Tokoh2 yang ada dalam buku kedua ini masih Salander, Blomkvist, Erika, Palmgren, dll sedangkan di pihak lawan ada tokoh2 seperti Alexander Zalachenko (yang merupakan Ayah kandung sekaligus musuh Salander), dll. Seperti biasa Blomkvist lagi2 memamerkan “kelainan”-nya lagi2 berhubungan dengan Harriet Vanger si ahli waris Henrik Vanger, industrialis Swedia yang muncul di buku pertama. Begitu juga dengan Salander yang di awal cerita digambarkan keliling dunia namun juga tebar pesona sekaligus menikmati seorang bocah belasan tahun.
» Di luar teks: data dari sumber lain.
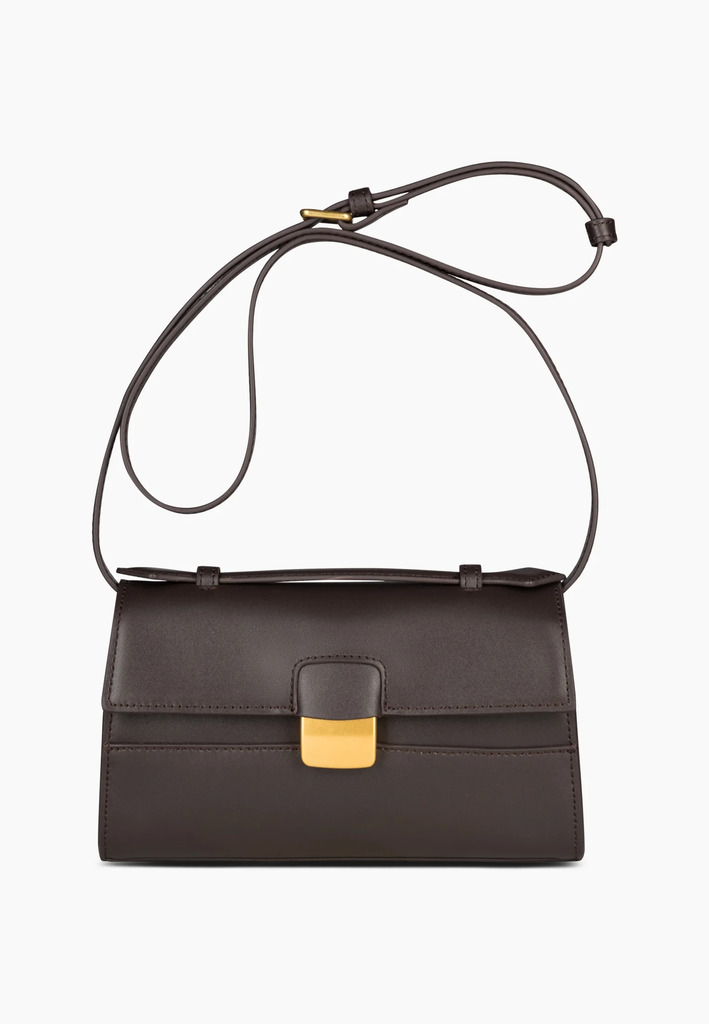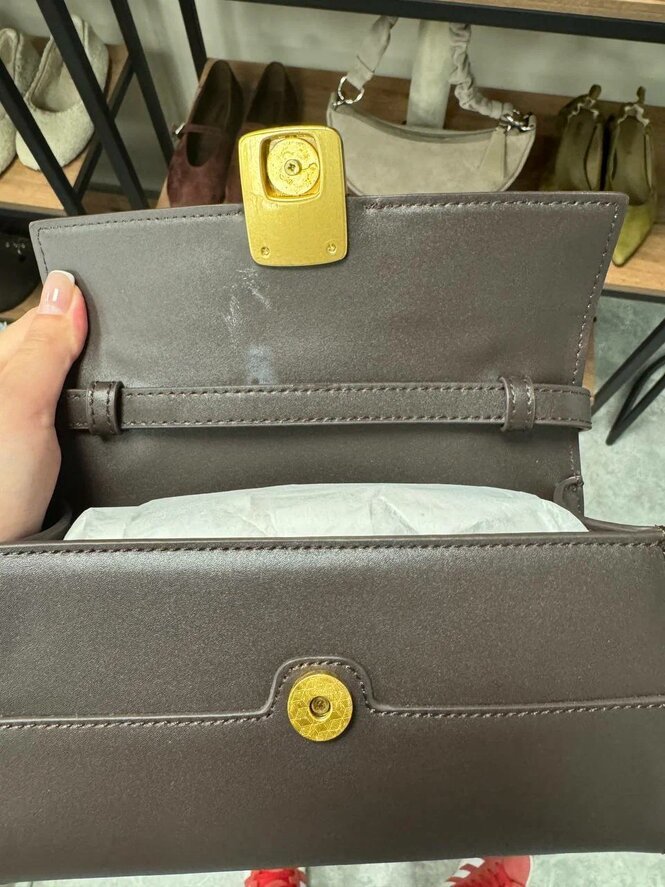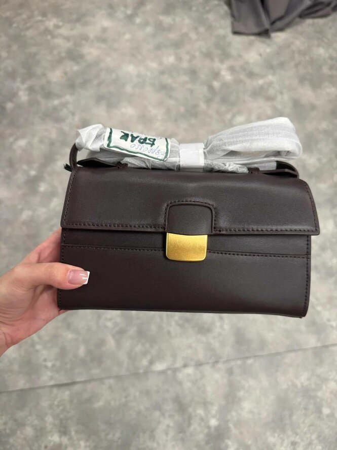 БРАК - след внутри сумки. Сумка изящного среднего размера цвета бодрящего эспрессо изготовлена из натуральной мягкой матовой кожи. Благодаря своим размерам и форме сумка станет вашей надежной спутнице... Показать описанией как в повседневной жизни, так и на вечерних выходах. Сумка закрывается клапаном с акцентной металлической застежкой нейтрального золотого цвета. В неё легко поместятся ключи, смартфон, документы, кошелек и косметика. Сумку можно носить как кросс боди с длинным узким ремнем с регулировкой размера, или как клатч с короткой ручкой. Высота: 112 см. Ширина: 22см. Ширина дна: 5 см. Длина ремня с регулировкой размера без учета фурнитуры: 100 см.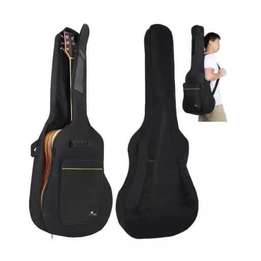 Utazz gondtalanul kedvenc hangszereddel! A könnyű, mégis strapabíró gitártok 41″-ig kompatibilis klasszikus és akusztikus gitárokhoz. Vastag EPE habréteg óvja a hangszert a karcoktól és ütődésektől, a vízlepergető Oxford szövet pedig megállítja a nedvességet.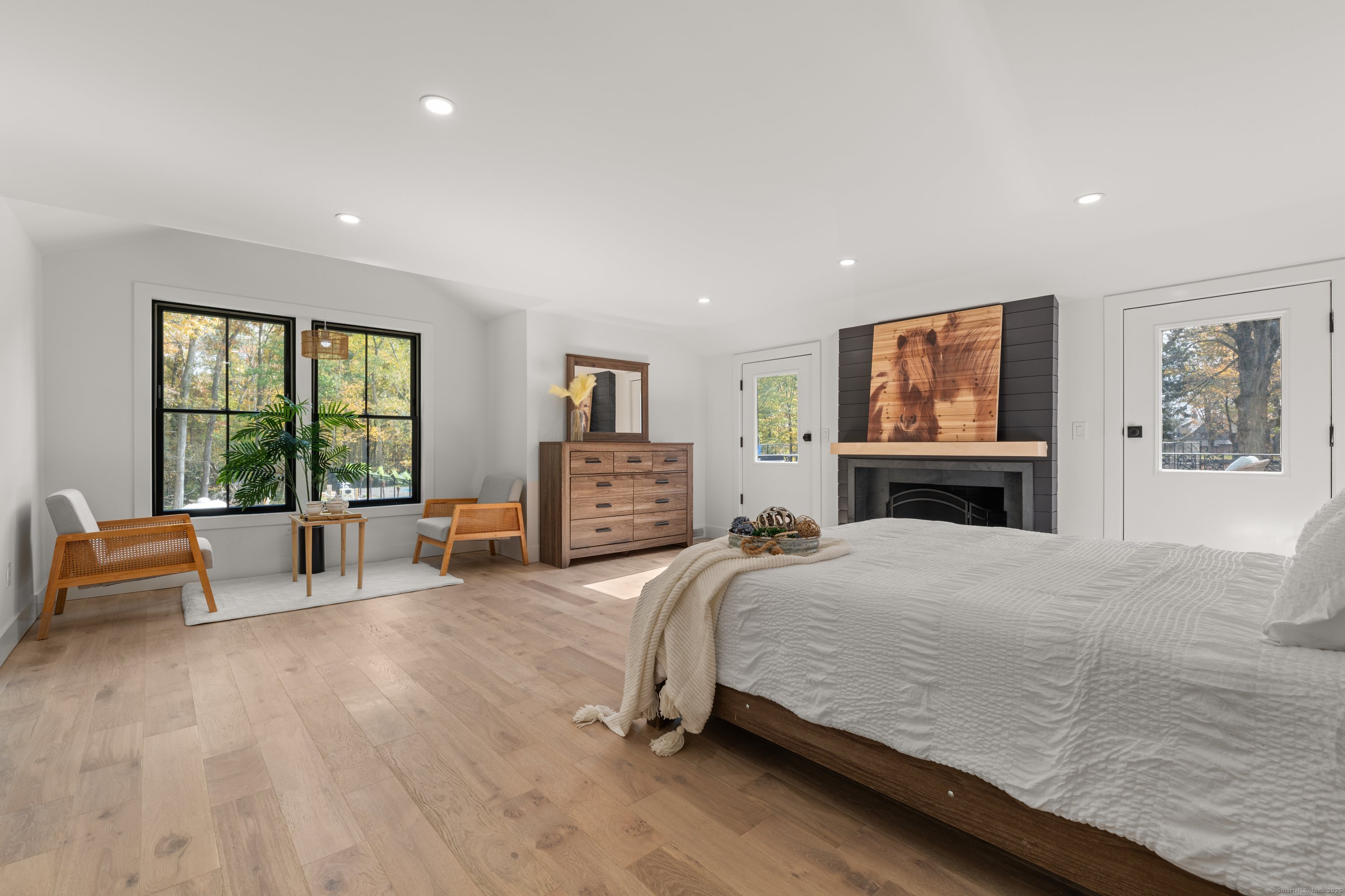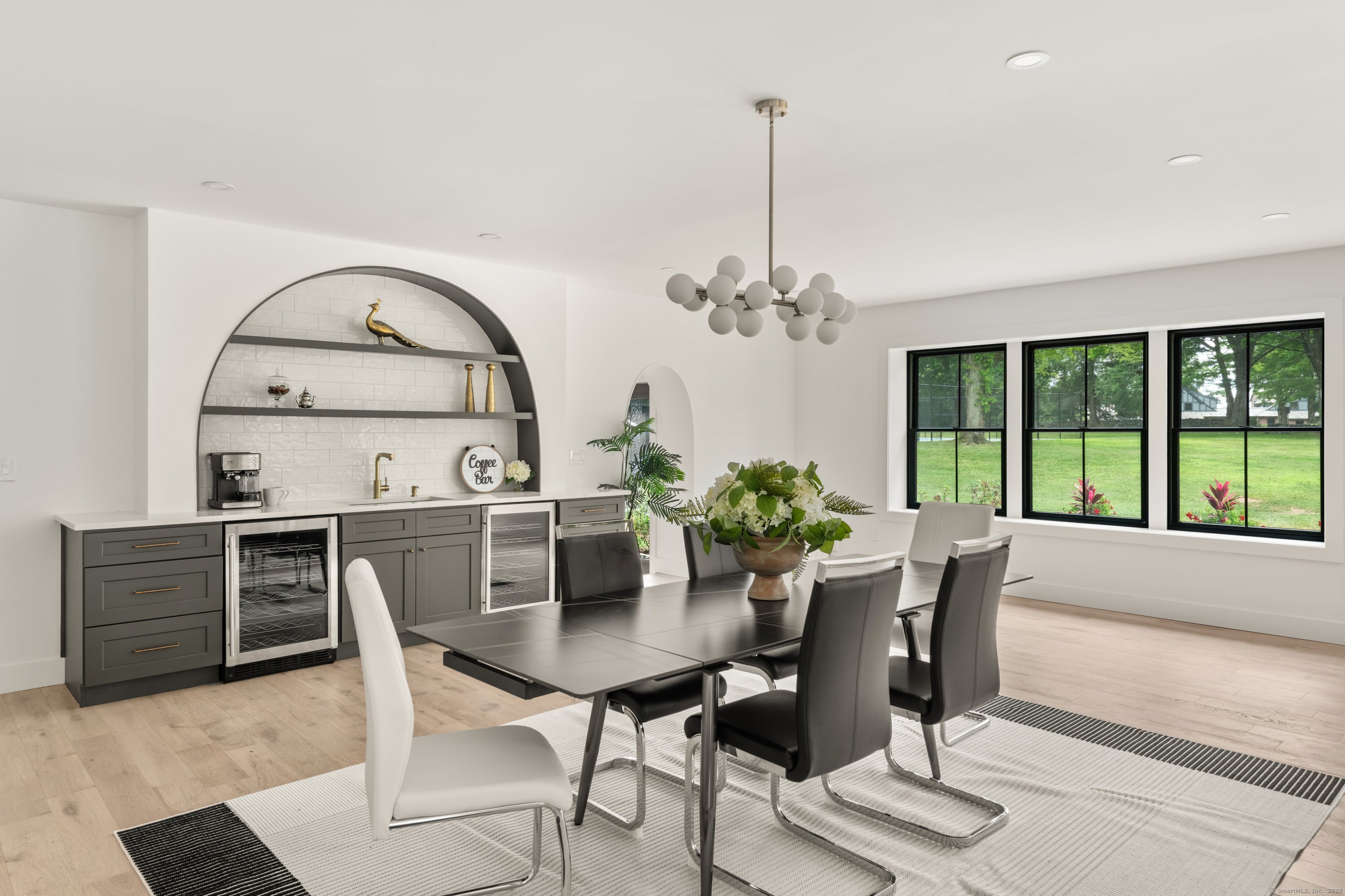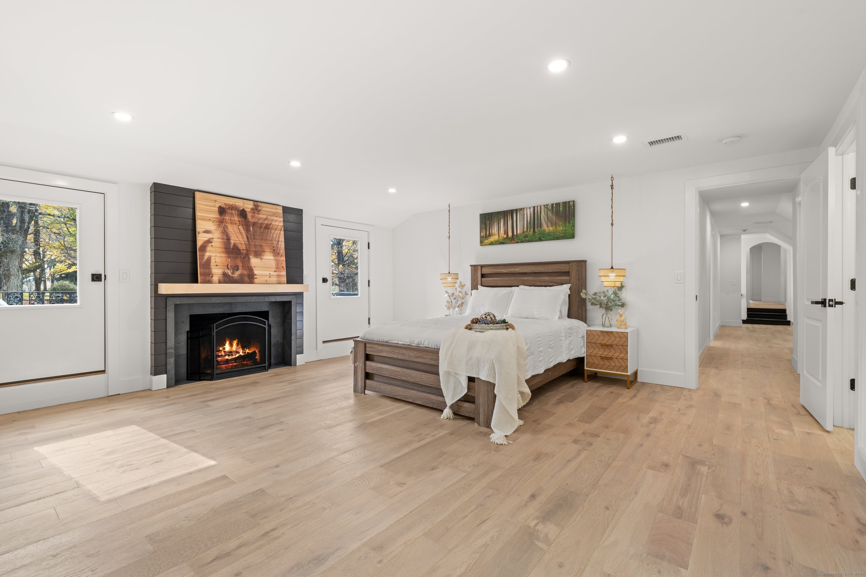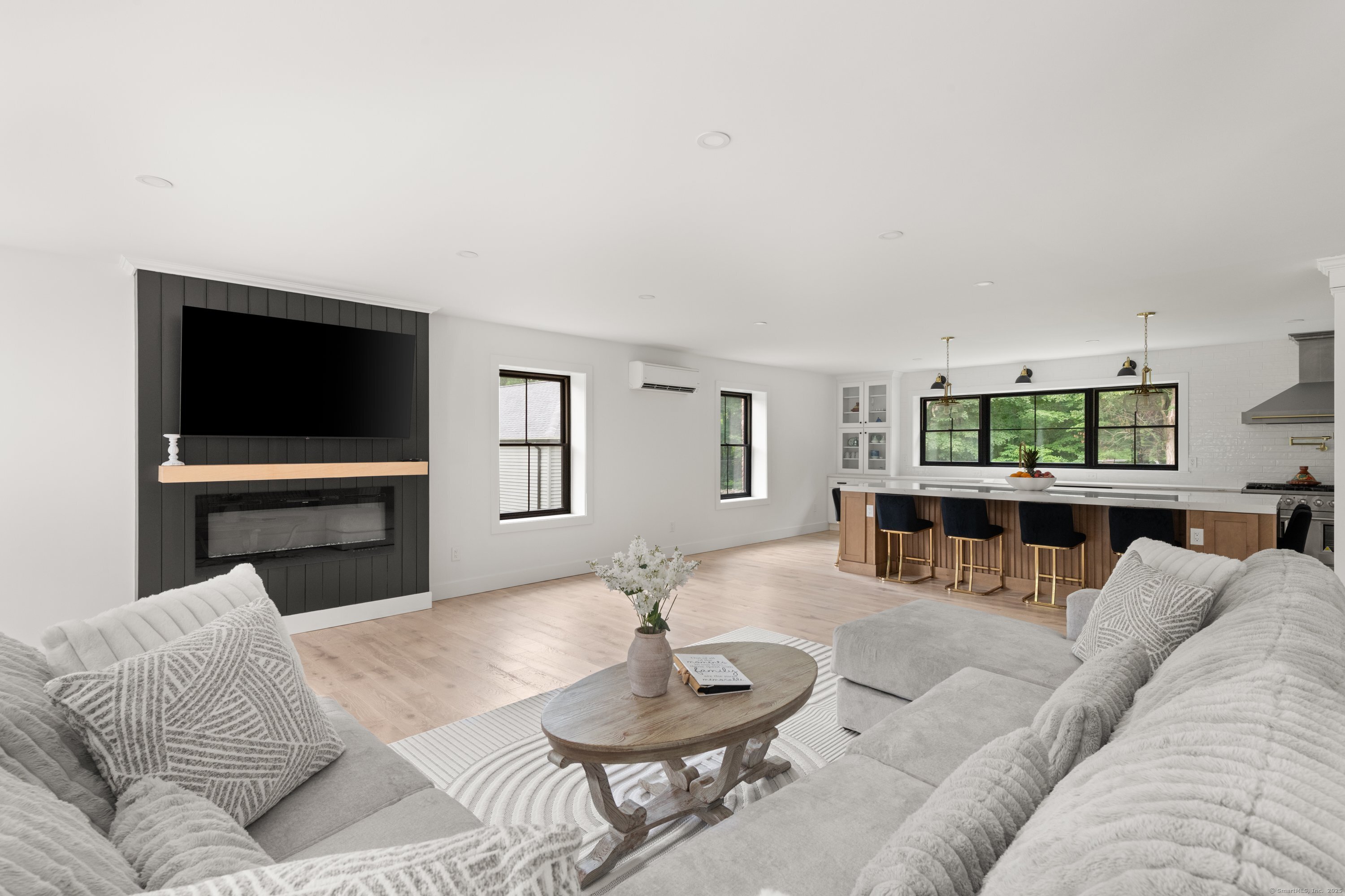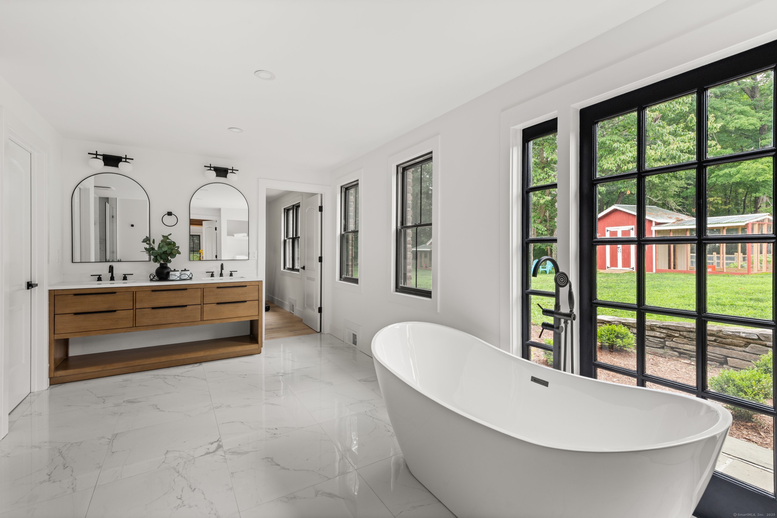Phenomenal renovation and redesign by current owners perfectly blends traditional and modern creating an elegant and luxury living. This exceptional 5 bedroom, 4.3-bath home offers over 6600 square feet of luxurious living. Situated on a private 3.5 acres, the property boasts: stone walls, a 60ft in-ground pool and tennis/pickleball court. Upon entering, you'll be captivated by the stunning carriage house architecture and attention to quality throughout this home. The open floor plan incorporates a family room with fireplace, dining room, coffee station, and custom kitchen and offers comfortable and welcoming spaces to entertain. The tastefully remodeled kitchen features an island that can seat 8, quartz counters, ZLINE appliances, walk-in pantry with sink and back up refrigerator. Grand family room with fireplace, office, GYM room, 2 half bath, laundry room, and full bath with double sink vanity, a floating tub, and a spacious walk-in shower complete the main floor. Step up upstairs to discover 5 bedrooms and 3 full baths and one half bath along with a sauna, second floor laundry room, and multiple closets. The primary suite has its own private deck with fantastic views of the grounds, a private bath, and walk-in closet. One guest bedroom has an ensuite full bath, another has an ensuite half bath. The other 2 share a full bath.

Satu2nya tokoh yang terlihat normal adalah Jan Bublanski, inspektur polisi berdarah Yahudi, namun jika harus memilih tokoh normal lain-nya tentu saja Palmgren wali Salander sebelum Bjurman bisa dimasukkan. 

Kali ini Salander dan misteri terbunuh-nya pasangan Mia dan Dag, dimana Dag adalah salah satu kontributor Millenium, sedangkan istrinya Mia adalah seorang peneliti sekaligus kandidat Doktor mengenai human traficking di Swedia yang melibatkan Alexander Zalachenko yang ironis-nya di lindungi olah dinas khusus intelijen Swedia.  Namun korban lainnya juga akhirnya ditemukan, yaitu Bjurman, yang juga adalah wali Salander. Kesemua korban ini akhirnya menyeret Salander seakan akan sebagai pelaku tunggal dan diperkuat dengan latar belakang Salander yang kelam. Namun diantara tuduhan yang bertubi tubi, sebagian kecil orang termasuk Blomkvist tetap percaya bahwa Salander justru seorang korban, dan berusaha membuktikan dugaan mereka tsb.

Pada beberapa literatur yang saya baca, jadi lebih jelas kenapa karya Larsson cenderung terkesan “feminist”, ternyata hal ini dipicu oleh peristiwa dalam hidupnya saat melihat penganiayaan seksual dan brutal sekelompok gang pada seorang gadis. Penyesalan karena membiarkan hal itu terjadi, menyebabkan Larsson tak dapat melupakan-nya dan sekaligus seakan akan malam wisuda-nya sebagai seorang feminist atau pejuang hak2 wanita.